Debussy rounds off the suite with the Passepied, which was originally a sailors’ dance from Brittany (its title means “pass-foot”). In its original form, a passepied was in triple meter, but Debussy’s movement is in duple meter throughout. Beneath the crisp staccato of the left hand (which is heard in almost every measure), the right hand lays out two ideas: the sharp-edged opening theme and a more flowing second. For all its elegance, this movement is extremely difficult for the performer, and it ends beautifully, with a falling shimmer of eighth-notes that wink out on two final chords marked triple piano.

Piano Sonata No. 3 in B Minor, Opus 58 FRÉDÉRIC CHOPIN

Born February 22, 1810, ˙ Zelazowa Wola, Poland Died October 17, 1849, Paris Composed: 1844 Approximate Duration: 27 minutes

Chopin wrote the Piano Sonata in B Minor, his last largescale composition for piano, during the summer of 1844, when he was 34. He composed the sonata at Nohant, the summer estate in central France he shared with the novelist George Sand. That summer represented a last moment of stasis in the composer’s life—over the next several years his relationship with Sand would deteriorate, and his health, long ravaged by tuberculosis, would begin to fail irretrievably. Dedicated to Madame la Comtesse Emilie de Perthuis, a friend and pupil, the Sonata in B Minor was published in 1845. Chopin himself never performed it in public.

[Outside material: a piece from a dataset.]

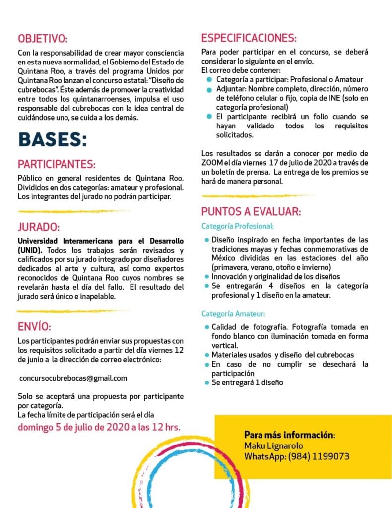 En la rueda de prensa se informó que el concurso busca “promover la creatividad entre todos los quintanarroenses, impulsa el uso responsable del cubrebocas con la idea central de cuidándose uno, se cuida a los demás”. Pero para incentivar la participación y gratificar el trabajo de los participantes habrá fabulosos premios.

Chopin’s sonatas have come in for a hard time from some critics, and this criticism intensifies to the degree that they depart from the formal pattern of the classical piano sonata. But it is far better to take these sonatas on their own terms and recognize that Chopin—like Beethoven before him—was willing to adapt classical forms for his own expressive purposes. The Sonata in B Minor is a big work—its four movements stretch out to nearly half an hour. The opening Allegro maestoso does indeed have a majestic beginning with the first theme plunging downward out of the silence, followed moments later by the gorgeous second subject in D major, marked sostenuto. The movement treats both these ideas but dispenses with a complete recapitulation and closes with a restatement of the second theme. The brief Molto vivace is a scherzo, yet here that form is without the violence it sometimes takes on in Beethoven. This scherzo has a distinctly light touch, with the music flickering and flashing across the keyboard (the right-hand part is particularly demanding). A quiet legato middle section offers a moment of repose before the returning of the opening rush.

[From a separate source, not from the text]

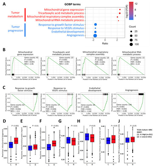 To gain more insights into the underlying molecular basis of IMMT in KIRC, we utilized RNA sequencing data from TCGA to conduct gene set enrichment analysis (GSEA). As shown in Gene Ontology Biological Process (GOBP) terms (Figure 4A), IMMT in KIRC was involved in the activation of tumor metabolism (GOBP: mitochondrial gene expression, tricarboxylic acid metabolic process, mitochondrial respiratory complex assembly and mitochondrial RNA metabolic process) (Figure 4B) and in the inhibition of tumor progression (GOBP: response to growth factors stimulus, response to VEGFs stimulus, endothelial development and angiogenesis) (Figure 4C). Furthermore, Reactome pathways unveiled by ssGSEA confirmed the impacts of low IMMT expressions on the inhibition of mitochondrial biogenesis (Figure 4D), mitochondrial protein import (Figure 4E) and mitochondrial beta oxidation (Figure 4F), and on the promotion of sprouting angiogenesis (Figure 4G) and endothelial nitric oxide synthase (ENOS) activation (Figure 4H). Interestingly, we noted that low IMMT was associated with a suppressed immune response to tumor cells (Figure 4I) and interferon regulatory factor 3 (IRF3)-mediated induction of type I interferons (Figure 4J). Collectively, low expressions of IMMT were implicated in mitochondrial inhibition and angiogenetic activation.

Chopin launches the lengthy Largo with sharplydotted rhythms, over which the main theme—itself dotted and marked cantabile—rises quietly and gracefully. This movement is also in ternary form, with a flowing middle section in E major. The finale—Presto, non tanto—leaps to life with a powerful eight-bar introduction built of octaves before the main theme, correctly marked Agitato, launches this rondo in B minor. Of unsurpassed difficulty, this final movement—one of the greatest in the Chopin sonatas— brings the work to a brilliant close.